There is another optimizaton we can make. Assume we have a bunch of sequences which we want to train on. The maximum sequence length might be a number N. It would be very unlikely that all sequences have exactly this length. In fact we expect most of them to be shorter. This leads to the concept of packing where we might pack multiple sequence into one row. For that to work we need to ensure that the sequences don’t interact. I.e. the different sequences should only pay attention to themselves. Let’s visualize that for the example that we have a sequence length of 8. The first 4 tokens are an own sequence, the next three are an own sequence and the last token is an own sequence:

Packing Mask The red fields mean “masking out”.

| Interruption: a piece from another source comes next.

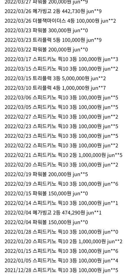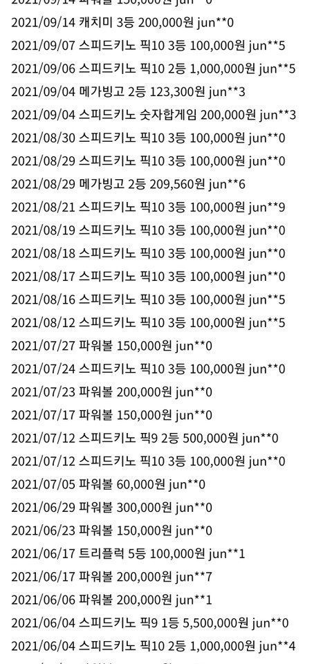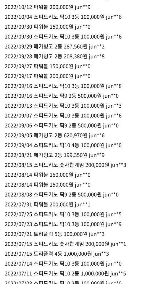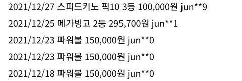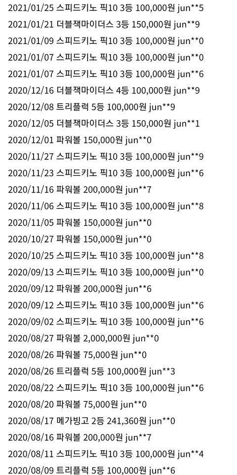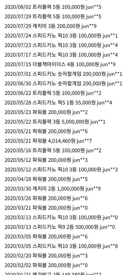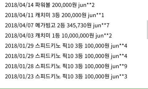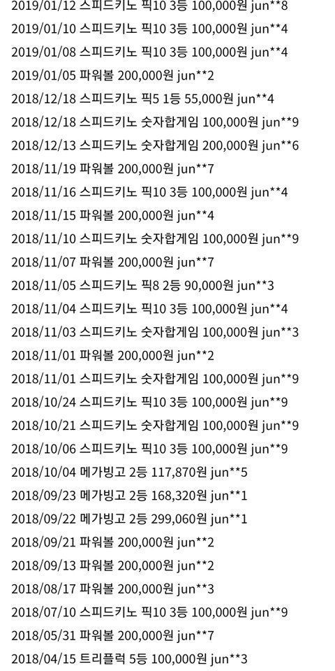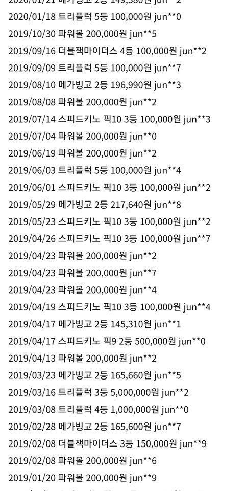 의심 아이디의 당첨기록

We can accomplish this in JAX as follows:

import jax
from jax.experimental.pallas.ops import attention as pallas_attention
from timing_util import simple_timeit

BATCH = 128
HEADS = 4
SEQUENCE = 1024
HEAD_DIM = 128

Q = jax.random.normal( jax.random.key(0), (BATCH, SEQUENCE, HEADS, HEAD_DIM))
K = jax.random.normal( jax.random.key(1), (BATCH, SEQUENCE, HEADS, HEAD_DIM))
V = jax.random.normal( jax.random.key(2), (BATCH, SEQUENCE, HEADS, HEAD_DIM))

seq0 = jax.numpy.ones((BATCH, SEQUENCE//2))
seq1 = jax.numpy.ones((BATCH, 3 * SEQUENCE//8)) + 1
seq2 = jax.numpy.ones((BATCH, SEQUENCE//8)) + 2
seq_ids = jax.numpy.concatenate([seq0, seq1, seq2], axis=1)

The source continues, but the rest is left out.